John Angelo Benson (born 1971 in London, England; lives and works in London).
A series of reformatted staples of modernist furniture, but with their practical components replaced by uncomfortable and dangerous elements. Le Corbusier’s Grand Confort chair, for example, is made of straw.
“On the border between art and design, Benson upholds the tubular chrome steel structure and the original cubic shape, replacing leather components with an unusual material, straw. With humour, Benson seems to undermine the architectural thinking of Le Corbusier, but paradoxically when he undresses the chair he emphasizes its skeleton and structure in a deconstruction process that leads us to the rethinking of the main modern principles.
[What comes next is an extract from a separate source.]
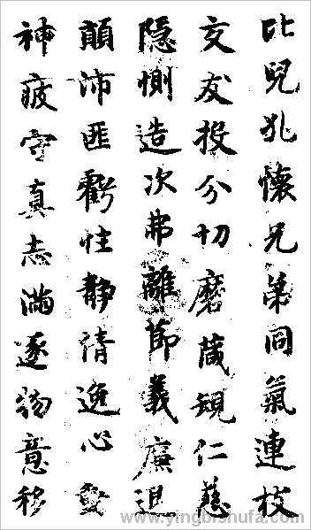 充实饱满:指字中间部分的笔画写得大方利落,毫不犹豫。初学时,包围结构、上中下结构、左中右结构的字,容易写得中间小,笔画细,注意附帖中“同”、“匪”、“廉”等字的中间部分。
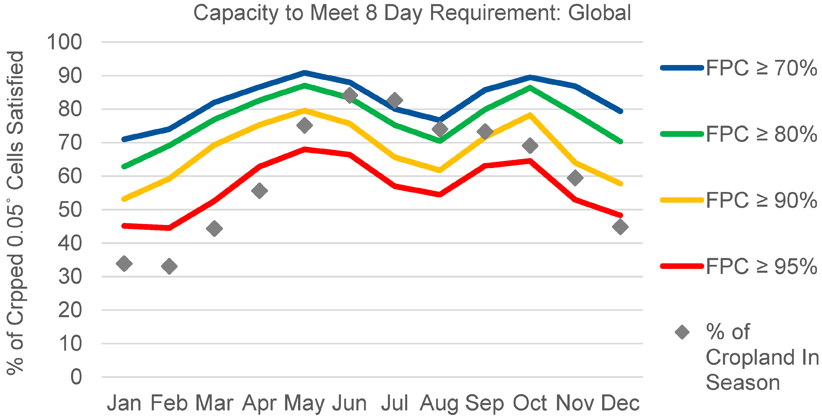 The overall capacity to meet an 8 day data requirement for data at least 70%, 80%, 90%, or 95% clear (FPC), as introduced in Whitcraft et al. (this issue) [1]. “Capacity” corresponds with the percentage of total actively cropped 0.05° cells which have their revisit frequency requirements satisfied by at least one constellation (i.e., the best/most frequent performer, Constellation #1). To provide perspective on the relative cropland area requiring imagery for each month, also plotted is the percentage of total global croplands which are in-season during each month, as indicated by Whitcraft et al. (2014) [48] and Fritz et al. (2015) [49].

Although it may be seen as an iconoclast gesture, ‘Naked Confort’ highlights the value of the original piece by reinterpreting it. In his ‘Corrupted Classics Collection’ Benson also works with the Red-Blue chair by Gerrit Rietveld and the Barcelona chair by Mies van der Rohe and Lilly Reich to create ‘Red and Blue, but clear’ and ‘Mies Lobby Trap.’ The choice is categorically incisive because he picks from our collective memory three classics of modern design which are universally recognized. Or we know the original works or we will not be able to interpret Benson’s pieces. With that he makes us more aware of the timeliness of these icons, especially when our material culture has transformed them into appealing images widely reproduced and consumed, with a series of copies, reproductions and re-editions distancing themselves from the modern original. Ultimately, the result is a reflection on our own memory of the modern, its significance for society, heritage and cultural importance.”
—Bárbara Coutinho, “Why Preserve Modern Now?,” Do.co.mo.mo Journal 46, no. 1 (2012): 6.